## PROBLEM DETAILS
Using only the entries below, copy exactly the lines that begin at the one with "19-es, bőr, sötétkék, bélelt, fiú" and end at the one with "бесплатным и обязательным, по", both included. Drop the pictures.

## GIVEN DATA

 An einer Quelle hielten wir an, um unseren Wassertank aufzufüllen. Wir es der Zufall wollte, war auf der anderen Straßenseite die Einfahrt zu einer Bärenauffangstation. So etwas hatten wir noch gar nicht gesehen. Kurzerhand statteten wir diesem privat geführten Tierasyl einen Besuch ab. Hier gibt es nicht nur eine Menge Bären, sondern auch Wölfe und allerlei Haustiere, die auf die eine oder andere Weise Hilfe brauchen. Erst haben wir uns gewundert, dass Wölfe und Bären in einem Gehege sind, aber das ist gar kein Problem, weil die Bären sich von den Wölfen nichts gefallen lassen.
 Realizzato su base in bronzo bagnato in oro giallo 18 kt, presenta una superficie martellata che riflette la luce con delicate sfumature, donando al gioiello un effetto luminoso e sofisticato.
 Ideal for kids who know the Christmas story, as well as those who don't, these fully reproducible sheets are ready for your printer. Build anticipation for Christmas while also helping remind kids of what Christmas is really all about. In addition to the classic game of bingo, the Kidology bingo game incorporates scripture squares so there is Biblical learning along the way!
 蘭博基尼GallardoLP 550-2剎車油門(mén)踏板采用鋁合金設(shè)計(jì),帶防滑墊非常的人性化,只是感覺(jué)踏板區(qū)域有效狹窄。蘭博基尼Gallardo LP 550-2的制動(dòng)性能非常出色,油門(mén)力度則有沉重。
---
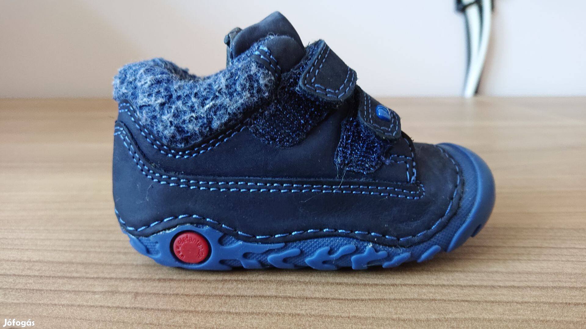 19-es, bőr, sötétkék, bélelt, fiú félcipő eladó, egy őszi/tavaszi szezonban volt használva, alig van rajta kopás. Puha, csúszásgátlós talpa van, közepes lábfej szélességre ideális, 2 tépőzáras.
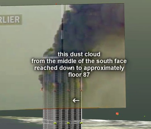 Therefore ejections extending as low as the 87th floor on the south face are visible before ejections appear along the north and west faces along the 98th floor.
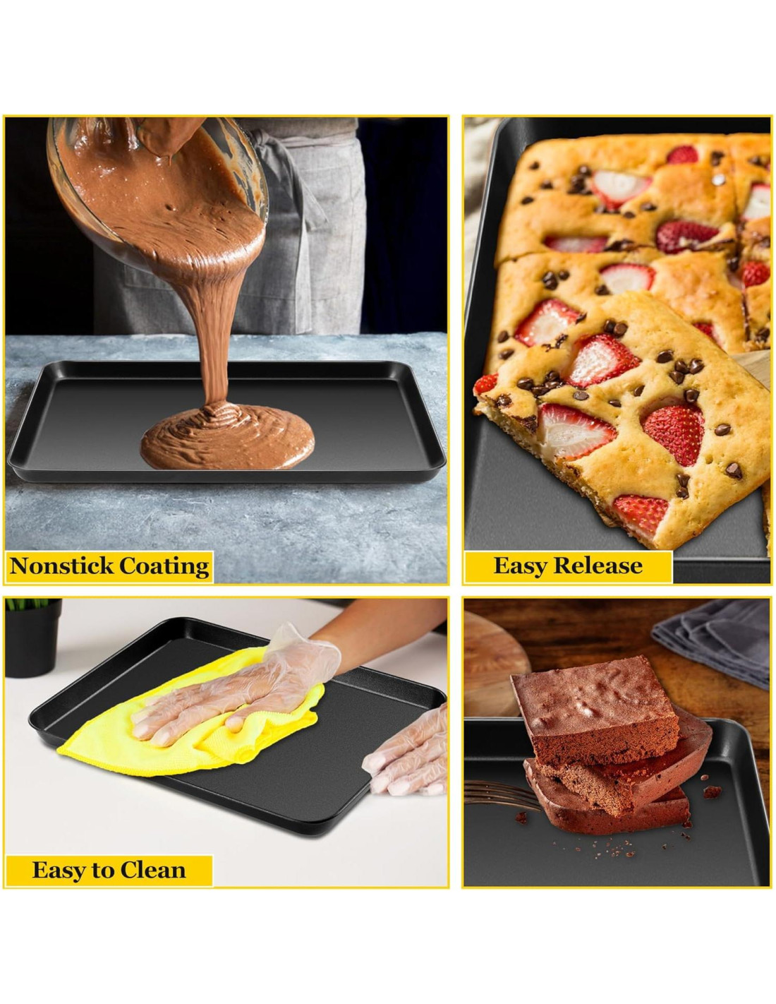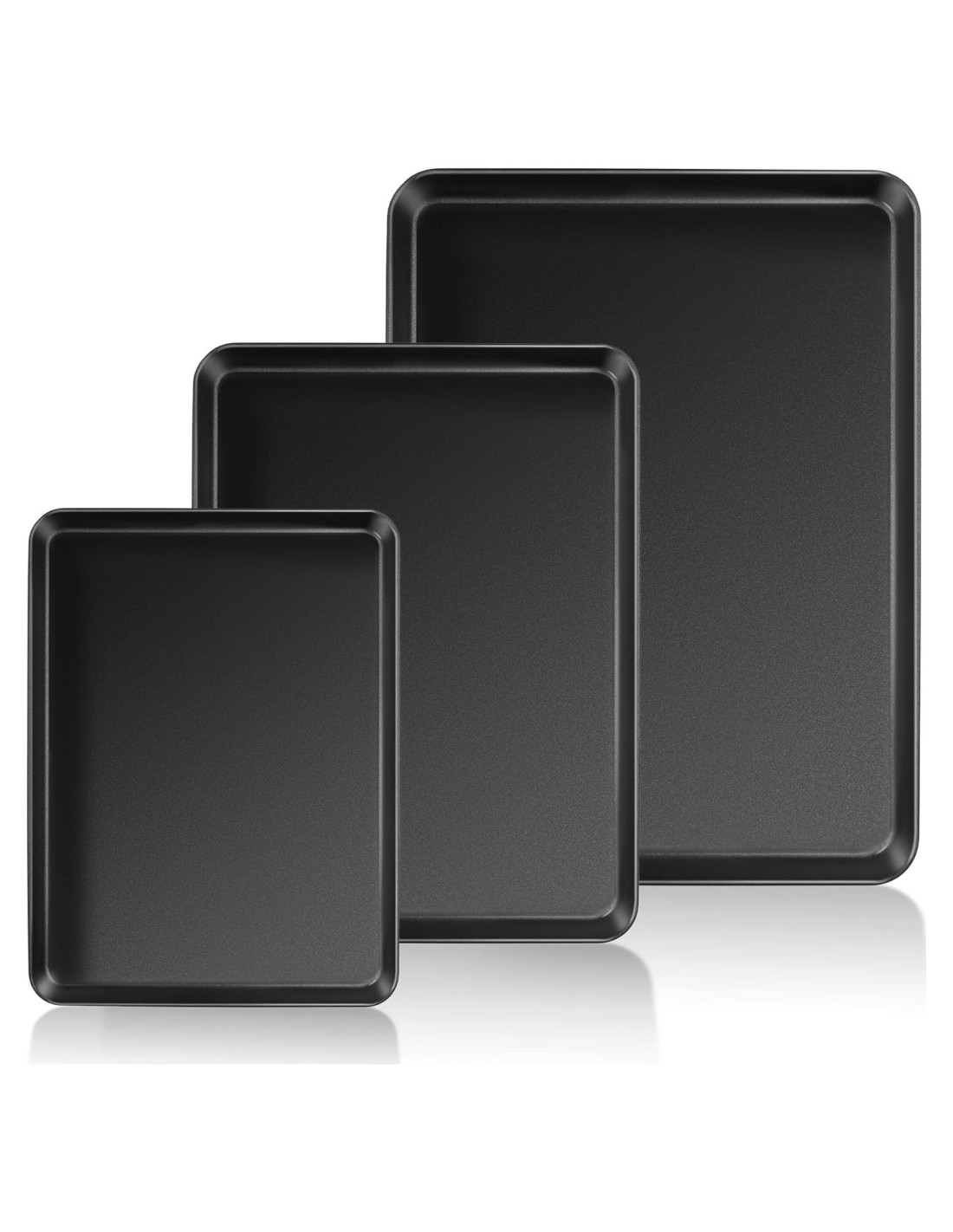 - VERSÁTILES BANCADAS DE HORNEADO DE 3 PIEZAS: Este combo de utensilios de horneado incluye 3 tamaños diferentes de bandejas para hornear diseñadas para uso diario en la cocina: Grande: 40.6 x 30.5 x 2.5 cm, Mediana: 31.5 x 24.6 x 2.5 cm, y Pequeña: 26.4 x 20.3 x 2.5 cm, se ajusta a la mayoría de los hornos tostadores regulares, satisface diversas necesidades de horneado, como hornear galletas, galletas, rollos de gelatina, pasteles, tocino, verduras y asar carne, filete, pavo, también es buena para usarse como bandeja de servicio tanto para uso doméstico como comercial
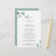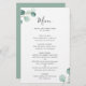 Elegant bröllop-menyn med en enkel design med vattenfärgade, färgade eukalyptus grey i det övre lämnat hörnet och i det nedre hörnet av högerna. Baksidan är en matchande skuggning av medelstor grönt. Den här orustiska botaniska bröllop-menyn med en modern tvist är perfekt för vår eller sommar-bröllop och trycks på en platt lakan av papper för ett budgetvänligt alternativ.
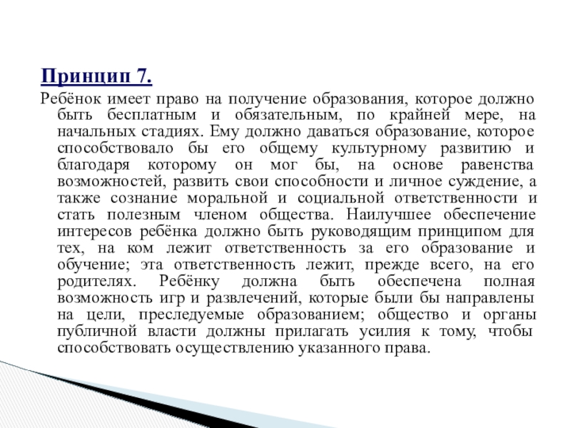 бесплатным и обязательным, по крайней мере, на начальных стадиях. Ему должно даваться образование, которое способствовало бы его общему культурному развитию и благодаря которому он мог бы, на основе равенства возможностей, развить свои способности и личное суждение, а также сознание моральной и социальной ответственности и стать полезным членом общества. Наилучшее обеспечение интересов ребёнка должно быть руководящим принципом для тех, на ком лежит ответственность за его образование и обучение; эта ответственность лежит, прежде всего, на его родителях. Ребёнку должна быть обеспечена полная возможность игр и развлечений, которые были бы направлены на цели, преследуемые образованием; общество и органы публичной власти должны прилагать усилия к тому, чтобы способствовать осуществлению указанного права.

## REPLY
 19-es, bőr, sötétkék, bélelt, fiú félcipő eladó, egy őszi/tavaszi szezonban volt használva, alig van rajta kopás. Puha, csúszásgátlós talpa van, közepes lábfej szélességre ideális, 2 tépőzáras.
 Therefore ejections extending as low as the 87th floor on the south face are visible before ejections appear along the north and west faces along the 98th floor.
 - VERSÁTILES BANCADAS DE HORNEADO DE 3 PIEZAS: Este combo de utensilios de horneado incluye 3 tamaños diferentes de bandejas para hornear diseñadas para uso diario en la cocina: Grande: 40.6 x 30.5 x 2.5 cm, Mediana: 31.5 x 24.6 x 2.5 cm, y Pequeña: 26.4 x 20.3 x 2.5 cm, se ajusta a la mayoría de los hornos tostadores regulares, satisface diversas necesidades de horneado, como hornear galletas, galletas, rollos de gelatina, pasteles, tocino, verduras y asar carne, filete, pavo, también es buena para usarse como bandeja de servicio tanto para uso doméstico como comercial
 Elegant bröllop-menyn med en enkel design med vattenfärgade, färgade eukalyptus grey i det övre lämnat hörnet och i det nedre hörnet av högerna. Baksidan är en matchande skuggning av medelstor grönt. Den här orustiska botaniska bröllop-menyn med en modern tvist är perfekt för vår eller sommar-bröllop och trycks på en platt lakan av papper för ett budgetvänligt alternativ.
 бесплатным и обязательным, по крайней мере, на начальных стадиях. Ему должно даваться образование, которое способствовало бы его общему культурному развитию и благодаря которому он мог бы, на основе равенства возможностей, развить свои способности и личное суждение, а также сознание моральной и социальной ответственности и стать полезным членом общества. Наилучшее обеспечение интересов ребёнка должно быть руководящим принципом для тех, на ком лежит ответственность за его образование и обучение; эта ответственность лежит, прежде всего, на его родителях. Ребёнку должна быть обеспечена полная возможность игр и развлечений, которые были бы направлены на цели, преследуемые образованием; общество и органы публичной власти должны прилагать усилия к тому, чтобы способствовать осуществлению указанного права.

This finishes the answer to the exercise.